Relations between the single-pass and double-pass transition probabilities in quantum systems with two and three states

TL;DR

This paper provides a theoretical analysis of the relationship between single-pass and double-pass transition probabilities in quantum systems, revealing quantum interference effects that cause deviations from classical expectations.

Contribution

It introduces explicit analytic formulas linking single-pass and double-pass probabilities in two- and three-state quantum systems using SU(2) and SU(3) symmetries.

Findings

Quantum probabilities degrade faster than classical predictions in repeated processes.

Double-pass measurements can underestimate actual single-pass efficiencies.

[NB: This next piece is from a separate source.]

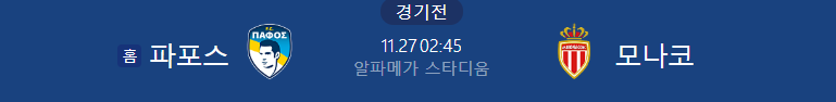 해외축구분석 11/27일 챔피언스리그 파포스 AS모나코 해외축구중계

Explicit formulas are derived for common quantum control techniques.

Abstract

In the experimental determination of the population transfer efficiency between discrete states of a coherently driven quantum system it is often inconvenient to measure the population of the target state. Instead, after the interaction that transfers the population from the initial state to the target state, a second interaction is applied which brings the system back to the initial state, the population of which is easy to measure and normalize. If the transition probability is $p$ in the forward process, then classical intuition suggests that the probability to return to the initial state after the backward process should be $p^2$. However, this classical expectation is generally misleading because it neglects interference effects. This paper presents a rigorous theoretical analysis based on the SU(2) and SU(3) symmetries of the propagators describing the evolution of quantum systems with two and three states, resulting in explicit analytic formulas that link the two-step probabilities to the single-step ones. Explicit examples are given with the popular techniques of rapid adiabatic passage and stimulated Raman adiabatic passage. The present results suggest that quantum-mechanical probabilities degrade faster in repeated processes than classical probabilities. Therefore, the actual single-pass efficiencies in various experiments, calculated from double-pass probabilities, might have been greater than the reported values.